## Exercise prompt
What lines below contain the string "more"? List them all.

## Data to use
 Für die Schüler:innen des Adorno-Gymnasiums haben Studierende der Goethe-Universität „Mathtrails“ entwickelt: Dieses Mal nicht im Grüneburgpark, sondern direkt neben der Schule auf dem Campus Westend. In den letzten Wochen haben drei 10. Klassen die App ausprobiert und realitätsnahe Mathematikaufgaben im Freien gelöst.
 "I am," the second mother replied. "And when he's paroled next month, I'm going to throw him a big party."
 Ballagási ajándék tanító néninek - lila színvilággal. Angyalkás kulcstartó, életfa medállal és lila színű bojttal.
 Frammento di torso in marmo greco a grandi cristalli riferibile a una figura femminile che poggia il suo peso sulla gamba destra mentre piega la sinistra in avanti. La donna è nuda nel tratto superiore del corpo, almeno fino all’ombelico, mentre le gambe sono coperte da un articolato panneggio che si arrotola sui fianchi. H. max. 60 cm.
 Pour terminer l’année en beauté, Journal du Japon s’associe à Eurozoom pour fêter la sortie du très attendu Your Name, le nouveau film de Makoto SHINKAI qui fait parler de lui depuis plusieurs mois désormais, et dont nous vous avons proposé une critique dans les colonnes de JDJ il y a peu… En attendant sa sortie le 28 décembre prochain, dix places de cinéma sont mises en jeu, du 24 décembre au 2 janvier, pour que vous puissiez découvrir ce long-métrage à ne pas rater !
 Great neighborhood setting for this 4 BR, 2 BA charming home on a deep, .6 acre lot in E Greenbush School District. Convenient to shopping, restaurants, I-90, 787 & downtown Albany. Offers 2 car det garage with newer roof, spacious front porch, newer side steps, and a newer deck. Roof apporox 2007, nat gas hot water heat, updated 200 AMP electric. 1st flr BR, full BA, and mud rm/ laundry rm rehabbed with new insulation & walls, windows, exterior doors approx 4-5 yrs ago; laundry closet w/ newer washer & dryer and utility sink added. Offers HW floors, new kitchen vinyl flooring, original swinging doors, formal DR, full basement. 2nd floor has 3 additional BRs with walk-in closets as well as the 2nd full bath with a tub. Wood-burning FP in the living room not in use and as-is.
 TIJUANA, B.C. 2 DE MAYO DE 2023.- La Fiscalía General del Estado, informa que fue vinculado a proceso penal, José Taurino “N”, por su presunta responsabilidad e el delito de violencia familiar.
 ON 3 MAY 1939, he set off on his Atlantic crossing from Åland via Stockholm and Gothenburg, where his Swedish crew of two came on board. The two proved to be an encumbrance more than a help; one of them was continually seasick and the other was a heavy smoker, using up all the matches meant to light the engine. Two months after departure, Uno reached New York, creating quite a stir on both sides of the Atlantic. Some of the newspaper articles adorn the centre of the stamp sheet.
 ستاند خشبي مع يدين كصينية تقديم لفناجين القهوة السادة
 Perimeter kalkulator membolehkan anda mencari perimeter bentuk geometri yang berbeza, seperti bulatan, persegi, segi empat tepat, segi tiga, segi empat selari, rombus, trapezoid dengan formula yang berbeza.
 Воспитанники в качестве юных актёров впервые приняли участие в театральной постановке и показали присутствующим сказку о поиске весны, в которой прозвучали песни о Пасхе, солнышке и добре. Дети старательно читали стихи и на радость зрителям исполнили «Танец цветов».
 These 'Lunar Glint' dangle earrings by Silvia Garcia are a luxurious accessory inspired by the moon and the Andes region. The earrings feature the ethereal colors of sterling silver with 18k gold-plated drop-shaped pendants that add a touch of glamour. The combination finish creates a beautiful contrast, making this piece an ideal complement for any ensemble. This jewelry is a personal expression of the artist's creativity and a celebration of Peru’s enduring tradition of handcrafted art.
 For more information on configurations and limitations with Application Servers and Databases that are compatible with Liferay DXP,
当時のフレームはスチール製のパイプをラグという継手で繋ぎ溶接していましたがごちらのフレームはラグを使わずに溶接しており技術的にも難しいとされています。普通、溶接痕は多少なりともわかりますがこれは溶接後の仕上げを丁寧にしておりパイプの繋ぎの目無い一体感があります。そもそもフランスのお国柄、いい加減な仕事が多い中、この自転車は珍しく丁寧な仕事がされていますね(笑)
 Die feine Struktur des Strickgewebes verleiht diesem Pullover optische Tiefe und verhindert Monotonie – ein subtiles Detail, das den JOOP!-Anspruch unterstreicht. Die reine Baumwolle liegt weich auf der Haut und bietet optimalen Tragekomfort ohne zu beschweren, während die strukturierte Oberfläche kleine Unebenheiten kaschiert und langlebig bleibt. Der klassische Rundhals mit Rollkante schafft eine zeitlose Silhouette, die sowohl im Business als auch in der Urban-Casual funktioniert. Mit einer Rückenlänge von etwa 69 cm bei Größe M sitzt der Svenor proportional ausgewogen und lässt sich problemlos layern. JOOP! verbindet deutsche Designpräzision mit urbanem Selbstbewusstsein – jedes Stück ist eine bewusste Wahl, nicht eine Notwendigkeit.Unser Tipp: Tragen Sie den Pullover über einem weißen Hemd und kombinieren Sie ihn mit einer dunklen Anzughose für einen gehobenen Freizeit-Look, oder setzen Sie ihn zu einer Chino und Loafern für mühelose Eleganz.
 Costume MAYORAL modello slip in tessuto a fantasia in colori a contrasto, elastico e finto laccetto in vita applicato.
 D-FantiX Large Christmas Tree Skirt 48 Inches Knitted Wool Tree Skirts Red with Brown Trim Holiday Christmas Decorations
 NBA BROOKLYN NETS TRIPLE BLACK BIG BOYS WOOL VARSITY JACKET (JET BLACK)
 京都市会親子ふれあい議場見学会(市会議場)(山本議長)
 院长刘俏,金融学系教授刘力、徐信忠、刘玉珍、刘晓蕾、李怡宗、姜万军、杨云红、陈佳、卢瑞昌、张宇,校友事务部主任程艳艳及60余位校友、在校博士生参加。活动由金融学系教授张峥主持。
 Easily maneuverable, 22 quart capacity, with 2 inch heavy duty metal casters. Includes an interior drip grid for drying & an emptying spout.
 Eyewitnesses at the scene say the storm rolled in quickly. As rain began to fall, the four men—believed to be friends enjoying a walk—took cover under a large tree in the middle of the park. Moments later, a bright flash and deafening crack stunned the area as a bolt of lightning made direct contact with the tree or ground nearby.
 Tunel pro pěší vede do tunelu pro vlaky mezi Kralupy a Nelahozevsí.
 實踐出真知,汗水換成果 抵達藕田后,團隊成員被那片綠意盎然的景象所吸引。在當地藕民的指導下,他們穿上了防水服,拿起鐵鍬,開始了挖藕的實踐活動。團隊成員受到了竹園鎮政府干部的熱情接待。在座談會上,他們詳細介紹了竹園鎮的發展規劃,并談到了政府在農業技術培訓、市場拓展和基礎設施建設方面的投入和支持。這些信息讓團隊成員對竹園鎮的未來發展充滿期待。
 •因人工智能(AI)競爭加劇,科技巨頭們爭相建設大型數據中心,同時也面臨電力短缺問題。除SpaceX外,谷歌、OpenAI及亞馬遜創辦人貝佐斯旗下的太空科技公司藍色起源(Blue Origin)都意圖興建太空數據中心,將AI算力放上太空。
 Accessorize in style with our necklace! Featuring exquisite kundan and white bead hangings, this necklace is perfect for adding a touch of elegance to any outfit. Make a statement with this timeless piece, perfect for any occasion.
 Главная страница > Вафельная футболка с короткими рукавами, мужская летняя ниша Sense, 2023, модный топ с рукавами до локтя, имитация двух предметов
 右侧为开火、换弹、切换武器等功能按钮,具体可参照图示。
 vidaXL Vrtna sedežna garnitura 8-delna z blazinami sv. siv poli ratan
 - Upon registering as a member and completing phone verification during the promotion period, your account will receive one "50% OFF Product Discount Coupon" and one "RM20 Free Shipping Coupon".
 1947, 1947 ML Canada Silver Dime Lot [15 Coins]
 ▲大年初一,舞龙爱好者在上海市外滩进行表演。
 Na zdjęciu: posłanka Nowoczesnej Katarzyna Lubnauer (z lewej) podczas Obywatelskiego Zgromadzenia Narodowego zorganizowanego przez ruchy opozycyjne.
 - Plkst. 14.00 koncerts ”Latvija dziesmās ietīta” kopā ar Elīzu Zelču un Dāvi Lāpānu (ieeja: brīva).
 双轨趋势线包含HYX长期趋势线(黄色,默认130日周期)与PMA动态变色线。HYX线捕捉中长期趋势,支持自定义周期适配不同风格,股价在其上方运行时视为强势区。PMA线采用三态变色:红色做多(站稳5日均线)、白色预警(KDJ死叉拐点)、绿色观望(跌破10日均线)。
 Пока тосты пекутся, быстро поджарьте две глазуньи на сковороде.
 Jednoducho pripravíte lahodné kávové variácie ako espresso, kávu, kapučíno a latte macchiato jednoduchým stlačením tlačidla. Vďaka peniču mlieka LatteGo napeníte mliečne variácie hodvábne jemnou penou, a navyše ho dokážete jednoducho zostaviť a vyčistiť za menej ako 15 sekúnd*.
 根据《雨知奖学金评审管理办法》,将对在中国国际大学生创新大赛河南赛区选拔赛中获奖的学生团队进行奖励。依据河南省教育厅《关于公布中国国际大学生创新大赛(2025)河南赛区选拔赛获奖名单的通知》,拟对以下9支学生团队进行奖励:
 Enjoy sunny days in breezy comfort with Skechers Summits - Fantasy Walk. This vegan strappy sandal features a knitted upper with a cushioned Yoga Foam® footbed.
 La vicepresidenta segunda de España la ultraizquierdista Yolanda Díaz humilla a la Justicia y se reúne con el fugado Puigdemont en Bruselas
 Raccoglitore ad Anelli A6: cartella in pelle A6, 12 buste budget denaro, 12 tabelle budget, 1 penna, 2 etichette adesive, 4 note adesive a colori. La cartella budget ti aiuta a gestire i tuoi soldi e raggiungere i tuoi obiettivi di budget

## Written response
 ON 3 MAY 1939, he set off on his Atlantic crossing from Åland via Stockholm and Gothenburg, where his Swedish crew of two came on board. The two proved to be an encumbrance more than a help; one of them was continually seasick and the other was a heavy smoker, using up all the matches meant to light the engine. Two months after departure, Uno reached New York, creating quite a stir on both sides of the Atlantic. Some of the newspaper articles adorn the centre of the stamp sheet.
 For more information on configurations and limitations with Application Servers and Databases that are compatible with Liferay DXP,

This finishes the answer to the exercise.